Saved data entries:
---*---

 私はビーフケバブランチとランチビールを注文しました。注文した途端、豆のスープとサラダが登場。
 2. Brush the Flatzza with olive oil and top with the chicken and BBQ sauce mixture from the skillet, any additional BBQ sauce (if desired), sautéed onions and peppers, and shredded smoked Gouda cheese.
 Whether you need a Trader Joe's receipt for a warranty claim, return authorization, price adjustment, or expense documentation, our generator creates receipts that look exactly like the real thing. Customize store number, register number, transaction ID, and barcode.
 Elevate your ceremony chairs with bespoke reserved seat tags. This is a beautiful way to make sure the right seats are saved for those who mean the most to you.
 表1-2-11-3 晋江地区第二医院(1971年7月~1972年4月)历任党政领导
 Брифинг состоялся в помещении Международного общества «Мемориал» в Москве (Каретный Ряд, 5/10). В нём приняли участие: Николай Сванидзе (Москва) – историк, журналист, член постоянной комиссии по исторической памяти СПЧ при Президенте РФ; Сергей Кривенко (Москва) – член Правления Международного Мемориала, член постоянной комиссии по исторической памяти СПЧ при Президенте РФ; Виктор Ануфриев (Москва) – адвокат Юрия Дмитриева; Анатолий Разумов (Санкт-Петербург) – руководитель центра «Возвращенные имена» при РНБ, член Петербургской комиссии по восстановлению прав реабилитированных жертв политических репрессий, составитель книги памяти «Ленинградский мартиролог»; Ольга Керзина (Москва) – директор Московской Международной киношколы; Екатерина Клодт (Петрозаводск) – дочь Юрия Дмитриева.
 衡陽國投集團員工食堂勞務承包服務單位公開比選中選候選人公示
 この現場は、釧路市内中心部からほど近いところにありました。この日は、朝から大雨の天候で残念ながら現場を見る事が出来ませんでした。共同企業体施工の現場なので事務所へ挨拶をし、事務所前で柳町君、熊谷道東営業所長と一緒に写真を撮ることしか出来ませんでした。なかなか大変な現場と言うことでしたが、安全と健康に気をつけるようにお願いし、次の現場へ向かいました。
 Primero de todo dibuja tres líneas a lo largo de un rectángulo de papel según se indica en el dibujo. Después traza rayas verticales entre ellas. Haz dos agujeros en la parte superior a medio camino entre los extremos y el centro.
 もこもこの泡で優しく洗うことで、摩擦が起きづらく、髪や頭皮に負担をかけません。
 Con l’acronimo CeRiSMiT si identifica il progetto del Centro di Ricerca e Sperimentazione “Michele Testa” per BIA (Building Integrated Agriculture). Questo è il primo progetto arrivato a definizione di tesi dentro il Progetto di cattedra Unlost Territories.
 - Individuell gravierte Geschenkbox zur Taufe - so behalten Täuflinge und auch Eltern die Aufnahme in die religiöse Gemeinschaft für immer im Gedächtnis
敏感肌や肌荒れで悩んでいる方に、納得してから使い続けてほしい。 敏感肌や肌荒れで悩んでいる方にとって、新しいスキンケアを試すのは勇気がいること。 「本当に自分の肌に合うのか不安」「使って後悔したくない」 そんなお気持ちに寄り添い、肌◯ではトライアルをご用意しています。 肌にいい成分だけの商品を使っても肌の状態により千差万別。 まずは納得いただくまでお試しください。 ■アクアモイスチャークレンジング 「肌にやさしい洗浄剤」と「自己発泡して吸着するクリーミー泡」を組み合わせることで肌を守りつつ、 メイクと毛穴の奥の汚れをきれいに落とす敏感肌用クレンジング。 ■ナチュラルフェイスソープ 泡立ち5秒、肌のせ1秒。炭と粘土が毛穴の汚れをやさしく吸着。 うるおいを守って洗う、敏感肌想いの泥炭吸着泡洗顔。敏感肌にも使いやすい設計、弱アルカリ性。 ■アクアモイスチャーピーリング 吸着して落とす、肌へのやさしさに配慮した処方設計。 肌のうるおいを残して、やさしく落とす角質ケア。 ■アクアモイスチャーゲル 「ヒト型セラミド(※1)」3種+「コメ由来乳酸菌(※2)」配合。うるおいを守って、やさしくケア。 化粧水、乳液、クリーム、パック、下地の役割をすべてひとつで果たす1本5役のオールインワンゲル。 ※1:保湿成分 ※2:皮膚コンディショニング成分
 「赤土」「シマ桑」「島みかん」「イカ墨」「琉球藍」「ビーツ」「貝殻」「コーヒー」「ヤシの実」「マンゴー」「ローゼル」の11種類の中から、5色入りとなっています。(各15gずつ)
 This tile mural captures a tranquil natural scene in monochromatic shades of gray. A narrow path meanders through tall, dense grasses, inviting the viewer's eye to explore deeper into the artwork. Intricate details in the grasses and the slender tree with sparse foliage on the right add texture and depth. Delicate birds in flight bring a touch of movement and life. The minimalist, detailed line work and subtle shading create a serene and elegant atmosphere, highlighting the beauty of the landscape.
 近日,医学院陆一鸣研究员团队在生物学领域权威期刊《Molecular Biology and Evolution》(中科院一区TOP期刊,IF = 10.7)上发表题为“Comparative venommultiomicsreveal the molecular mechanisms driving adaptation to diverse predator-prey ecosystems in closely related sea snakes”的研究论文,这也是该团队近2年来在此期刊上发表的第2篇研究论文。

---*---

How many of the lines above contain the word "This"? Give the number alone.

2